Purpose: To develop a convolutional neural network (Improved LUMEN visualization through Artificial super-resoluTion imagEs (ILUMENATE)) informed by photon-counting-detector (PCD)-CT to improve EID-CT image resolution and determine its impact on cCTA.
Materials and methods: With IRB approval, 30 patients undergoing clinically indicated cCTA were scanned with EID-CT (SOMATOM Force, Siemens Healthineers, Forchheim, Germany) and subsequently with ultra-high-resolution (UHR) PCD-CT (NAEOTOM Alpha, Siemens Healthineers) on the same day. ILUMENATE was trained on eight patient PCD-CT datasets (67,890 patch pairs with 90% for training (61,101), 10% reserved for validation (6,789)) and applied to 22 unseen EID-CT cases. Spatial resolution was evaluated using line profiles and percent diameter stenosis quantified with a severity score assigned. Two experienced radiologists, blinded to image type, selected preferred series and scored images for overall quality, sharpness, and noise comparing original EID-CT and ILUMENATE output.

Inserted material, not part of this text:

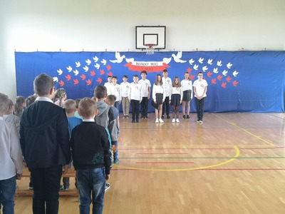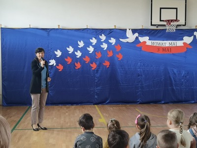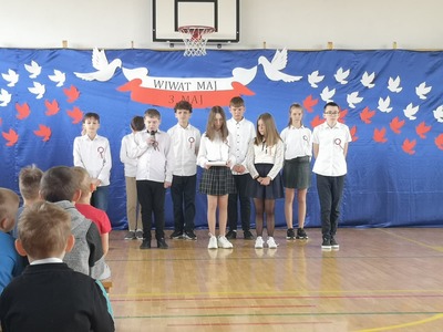 Z okazji Święta Narodowego Uchwalenia Konstytucji 3 Maja w naszej szkole odbył się uroczysty apel. Uczniowie pod kierunkiem Pań: Anny Gozdek i Iwony Krupy przygotowali patriotyczny montaż słowno - muzyczny. Pani Dyrektor Ewa Probola podziękowała za muzyczną lekcję historii oraz życzyła byśmy zawsze mogli cieszyć się wolną Ojczyzną.

Results: Visual assessment and line profiles showed substantial resolution improvement with ILUMENATE. Percent diameter stenosis was significantly reduced (mean ± standard deviation: 4.42% ± 4.82%) using ILUMENATE (p < 0.001) with nine lesions shifting down in severity score. Readers preferred ILUMENATE images in 22/22 cases and scored ILUMENATE superiorly for overall quality, sharpness, and noise (p < 0.05).
Conclusions: ILUMENATE enhanced image resolution, resulting in improved overall image quality, reduced calcium blooming artifacts, and improved lumen visibility in cCTA exams performed using EID-CT. This could potentially allow for improved accessibility to UHR image quality, allowing for more accurate assessment of CAD.